Texas Governor Greg Abbott said in a press briefing that the attack was "one of the most heinous attacks that we've ever seen in the history of Texas schools." He also called for all Texans to hold a moment of silence on May 21 at 10:00 AM CDT in honor of the victims, their families and first responders.
Texas Lieutenant Governor Dan Patrick said the design of Texas schools with "too many entrances and too many exits" may have to be reconsidered. He said the issue is "not about the guns, it's about us."
The organizers of the March for Our Lives, from the Stoneman Douglas High School shooting three months earlier, tweeted "Though this is the 22nd school shooting this year, we urge those reading this not to sweep it under the rug and forget."
John Barnes, a police officer wounded in the shooting rampage, was hailed as a hero for tackling the shooter and saving many lives despite blood loss.
The Santa Fe Independent School District has an active shooter plan, and two armed police officers that interacted with students in the school. In the year prior to the shooting, the school district leadership made plans to arm teachers and staff through the Texas School Marshal Program. After the shooting, the president of the school district's Board of Trustees said the district's policies and procedures worked, and that it was not the failure of the procedures that accounted for the incident, adding someone intent on entering the school to create havoc would be able to do so in any event.

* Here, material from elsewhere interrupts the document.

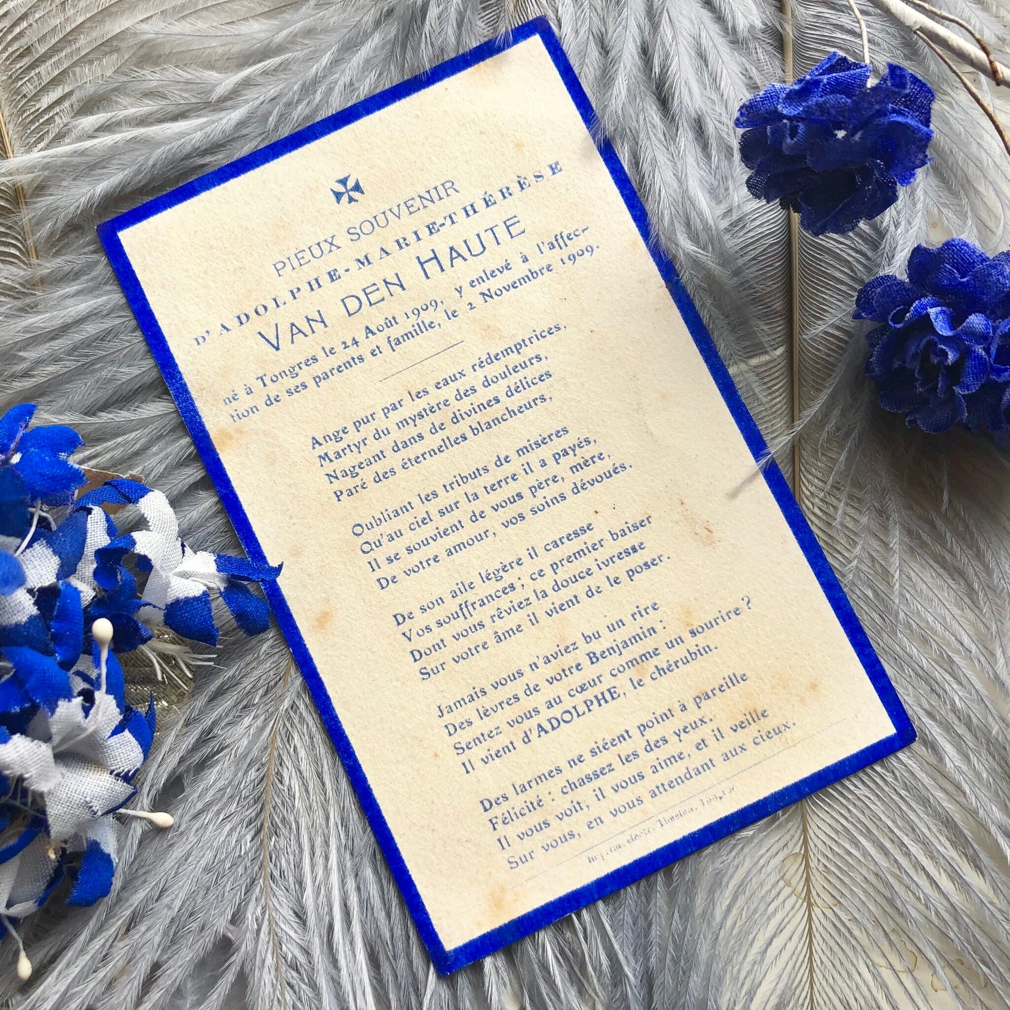 女性の手から天使の手へと移され、天へと向かう幼子。悲しみに満ちたこちらのカードは、1909年8月24日に生まれ、同年11月2日に亡くなった幼子のものです。裏面に、11月2日のこの日、両親、家族の愛情から引き離されたとの記述があります。

As a result of the mass shooting, the district plans to renovate the northwest area of the campus, including sealing off the art rooms in which the shooting occurred as well as the adjacent hallway. A new hallway and counselor's office will be installed. A new protection plan was unveiled for the 2018-2019 school year with metal detectors at each entrance and police officers will patrol the campus with donated AR-15s equipped with rifle optics.
Students organized a candlelight vigil on May 18. Ten white crosses have been placed in front of the school to memorialize the deceased. The white crosses were removed prior to the start of the 2018/19 school year.
Fundraisers and support
Blood drives were set up to support the local hospitals.
Houston Texans football player J. J. Watt offered to pay the funeral expenses of all the deceased. Local funeral homes, florists, pastors offered heavily discounted or free rates for families of the deceased.
On May 26, 2018, multiple fundraisers were held to raise money. One local business sponsored a fundraiser which brought in $257,000 for the victims.
The following Monday there were five arrests in the Greater Houston area for bringing weapons to school or making threats in the Friendswood, Huffman, Cleveland, Clear Creek, and Texas City Independent School Districts.